[DIRECTIONS] Exactly as they appear, output all of the records. Skip any images.

Stored items:
>>>>>

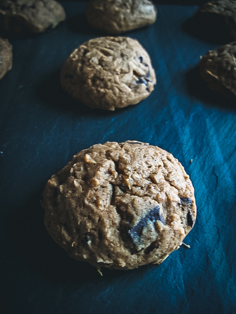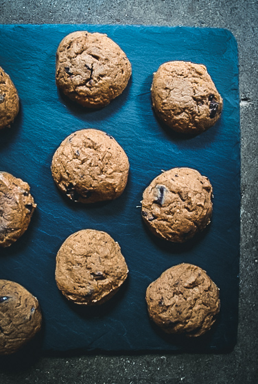 Weeks ago now, I know, but as I was leaving my parent’s house the week before Thanksgiving, I was encouraged to take two perfect little pie pumpkins. I intended to use them for a pumpkin pie. That week got busy, however, and I pulled out a can instead. Now, a couple weeks later and already full force into the Christmas season, I am busy pumpkin-ing up meals on a regular basis. Pumpkin pie, pumpkin ice cream, pumpkin spice lattes, pumpkin oatmeal, rosemary roasted pumpkin seeds, pumpkin risotto, the list goes on. What I’d really been meaning to re-vamp for months now are amazing pumpkin chocolate chip cookies. They are gluten and dairy-free and even better than the original recipe (less cakey, more cookie-y). Perfect to share for holiday festivities. Or just to warm and comfort on a cold December day!
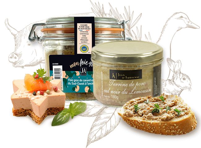 Principalement avec de la viande française, nos foies gras, terrines et pâtés se déclinent de multiple façons pour toutes les occasions.
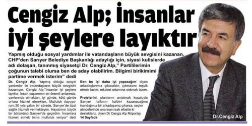 Gazetemize açıklamalarda bulunan, Dr. Cengiz Alp, Yapmış olduğu sosyal yardımlar ile vatandaşların büyük sevgisini kazanıyor. Cengiz Alp,”İnsanlar iyi şeylere layıktır,. İnsan yaşamının en önemli anlarında, yanlarında olmaktan, iyi günde, kötü günde onlara hizmet etmekten, Mutluluk duyuyorum.30 yıla yakın bir sürede Sarıyer’de özel sağlık hizmeti vermekteyim. Hayatımın büyük bir bölümünü Sarıyer’de geçirdim. İnsanlara hizmet etmek bana mutluluk veriyor” dedi
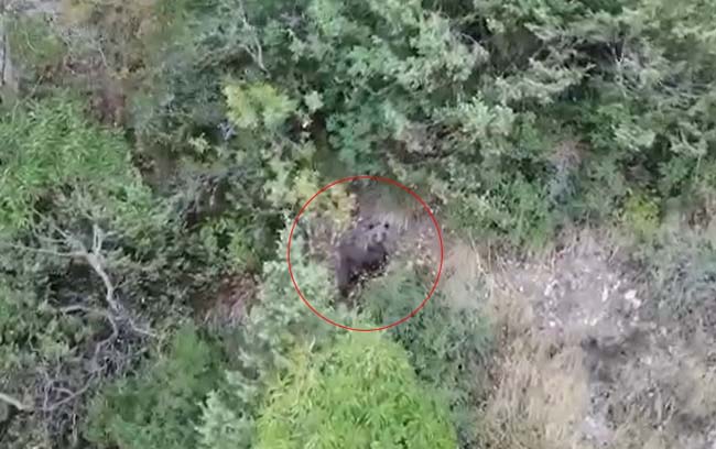 Zonguldak'ta kış uykusuna yatamayan ayı dron ile havadan görüntülendi.
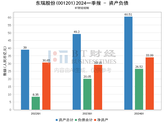 东瑞股份2024年一季报显示,资产总计期末余额为60.51亿元,较期初余额60.95亿元略有下降,降幅为0.71%。负债合计期末余额为26.52亿元,较期初余额25.88亿元有所增加,增幅为2.45%。资产负债率从期初的42.47%上升至期末的43.82%。尽管资产总计略有下降,但负债的增加导致资产负债率有所上升,表明公司在扩展业务的同时,负债压力也在增加。
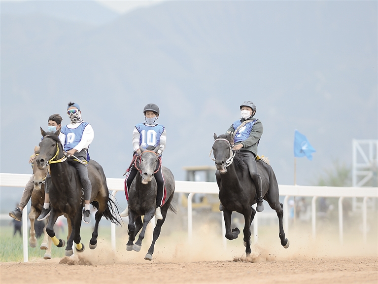 9月13日,选手在5000米速度赛马比赛中。当日,青海省第七届少数民族传统体育运动会举行5000米速度赛马项目比赛,选手们在赛场上策马扬鞭展现英姿。 摄影/新华社记者 张曼怡
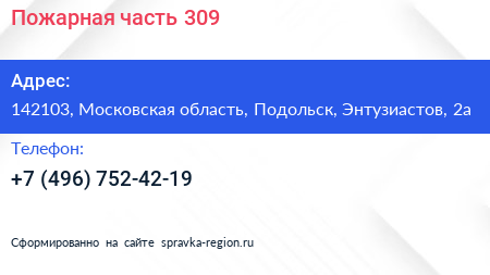 Пожарная часть №309 по адресу 142103, Московская область, Подольск, Энтузиастов, 2а в дальнейшем Организация, размещена в следующих категориях:
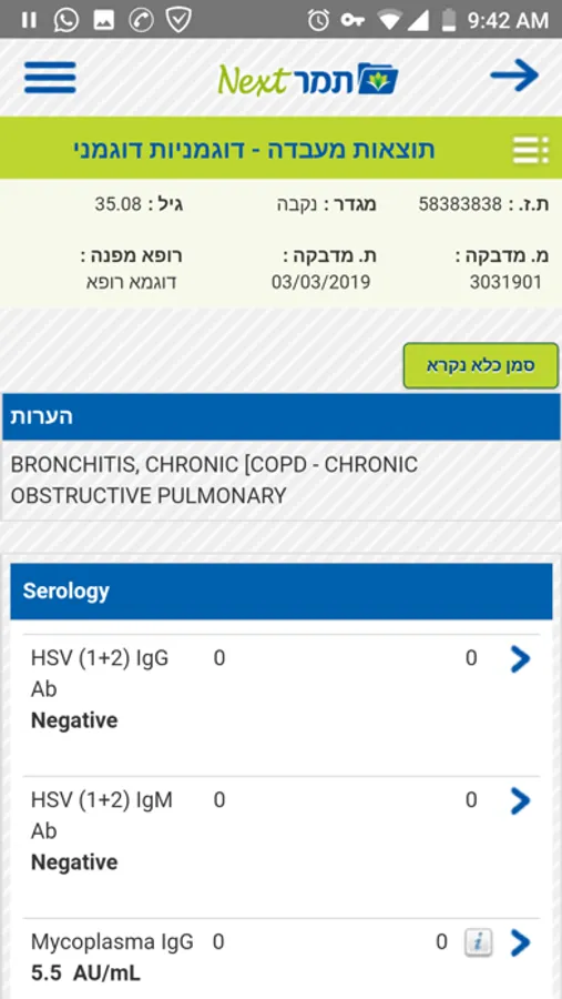 מאפשרת צפיה בתוצאות מעבדה מחוץ לעבודה במשרד.
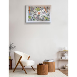 Obraz oprawiony jest w nowoczesną białą ramę o szerokości 4cm
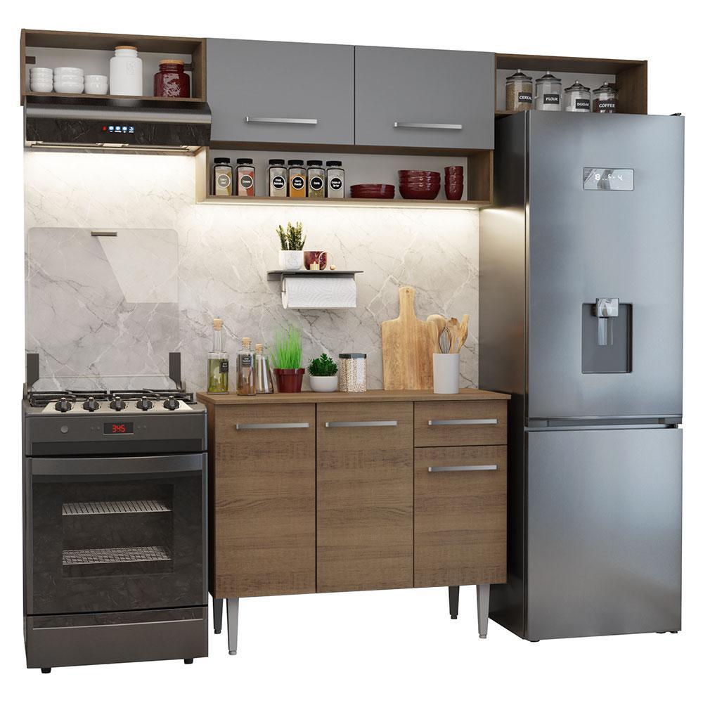 Armário de Cozinha Completa 225cm Rustic/Cinza Emilly Madesa 01

<<<<<

[WRITTEN ANSWER]
 Weeks ago now, I know, but as I was leaving my parent’s house the week before Thanksgiving, I was encouraged to take two perfect little pie pumpkins. I intended to use them for a pumpkin pie. That week got busy, however, and I pulled out a can instead. Now, a couple weeks later and already full force into the Christmas season, I am busy pumpkin-ing up meals on a regular basis. Pumpkin pie, pumpkin ice cream, pumpkin spice lattes, pumpkin oatmeal, rosemary roasted pumpkin seeds, pumpkin risotto, the list goes on. What I’d really been meaning to re-vamp for months now are amazing pumpkin chocolate chip cookies. They are gluten and dairy-free and even better than the original recipe (less cakey, more cookie-y). Perfect to share for holiday festivities. Or just to warm and comfort on a cold December day!
 Principalement avec de la viande française, nos foies gras, terrines et pâtés se déclinent de multiple façons pour toutes les occasions.
 Gazetemize açıklamalarda bulunan, Dr. Cengiz Alp, Yapmış olduğu sosyal yardımlar ile vatandaşların büyük sevgisini kazanıyor. Cengiz Alp,”İnsanlar iyi şeylere layıktır,. İnsan yaşamının en önemli anlarında, yanlarında olmaktan, iyi günde, kötü günde onlara hizmet etmekten, Mutluluk duyuyorum.30 yıla yakın bir sürede Sarıyer’de özel sağlık hizmeti vermekteyim. Hayatımın büyük bir bölümünü Sarıyer’de geçirdim. İnsanlara hizmet etmek bana mutluluk veriyor” dedi
 Zonguldak'ta kış uykusuna yatamayan ayı dron ile havadan görüntülendi.
 东瑞股份2024年一季报显示,资产总计期末余额为60.51亿元,较期初余额60.95亿元略有下降,降幅为0.71%。负债合计期末余额为26.52亿元,较期初余额25.88亿元有所增加,增幅为2.45%。资产负债率从期初的42.47%上升至期末的43.82%。尽管资产总计略有下降,但负债的增加导致资产负债率有所上升,表明公司在扩展业务的同时,负债压力也在增加。
 9月13日,选手在5000米速度赛马比赛中。当日,青海省第七届少数民族传统体育运动会举行5000米速度赛马项目比赛,选手们在赛场上策马扬鞭展现英姿。 摄影/新华社记者 张曼怡
 Пожарная часть №309 по адресу 142103, Московская область, Подольск, Энтузиастов, 2а в дальнейшем Организация, размещена в следующих категориях:
 מאפשרת צפיה בתוצאות מעבדה מחוץ לעבודה במשרד.
 Obraz oprawiony jest w nowoczesną białą ramę o szerokości 4cm
 Armário de Cozinha Completa 225cm Rustic/Cinza Emilly Madesa 01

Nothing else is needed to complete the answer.